=== Section Start ===

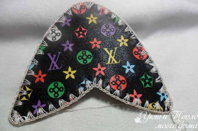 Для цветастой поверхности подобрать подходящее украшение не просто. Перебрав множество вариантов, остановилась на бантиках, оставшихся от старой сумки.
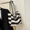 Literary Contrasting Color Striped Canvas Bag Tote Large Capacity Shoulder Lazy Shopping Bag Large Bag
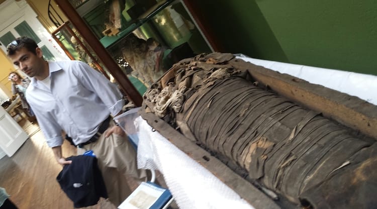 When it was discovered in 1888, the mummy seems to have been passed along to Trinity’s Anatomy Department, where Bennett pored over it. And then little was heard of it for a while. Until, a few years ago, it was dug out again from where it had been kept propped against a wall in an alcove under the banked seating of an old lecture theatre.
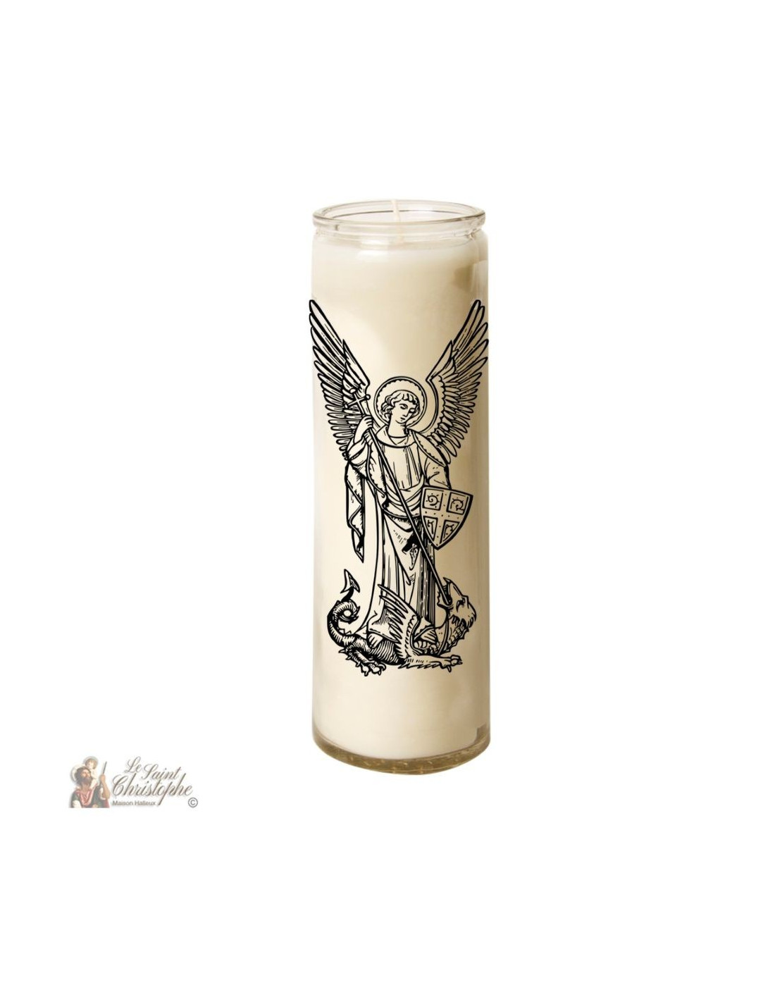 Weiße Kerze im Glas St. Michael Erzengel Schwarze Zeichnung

=== Section End ===

Produce a word-for-word version of the material, with no pictures included.

 Для цветастой поверхности подобрать подходящее украшение не просто. Перебрав множество вариантов, остановилась на бантиках, оставшихся от старой сумки.
 Literary Contrasting Color Striped Canvas Bag Tote Large Capacity Shoulder Lazy Shopping Bag Large Bag
 When it was discovered in 1888, the mummy seems to have been passed along to Trinity’s Anatomy Department, where Bennett pored over it. And then little was heard of it for a while. Until, a few years ago, it was dug out again from where it had been kept propped against a wall in an alcove under the banked seating of an old lecture theatre.
 Weiße Kerze im Glas St. Michael Erzengel Schwarze Zeichnung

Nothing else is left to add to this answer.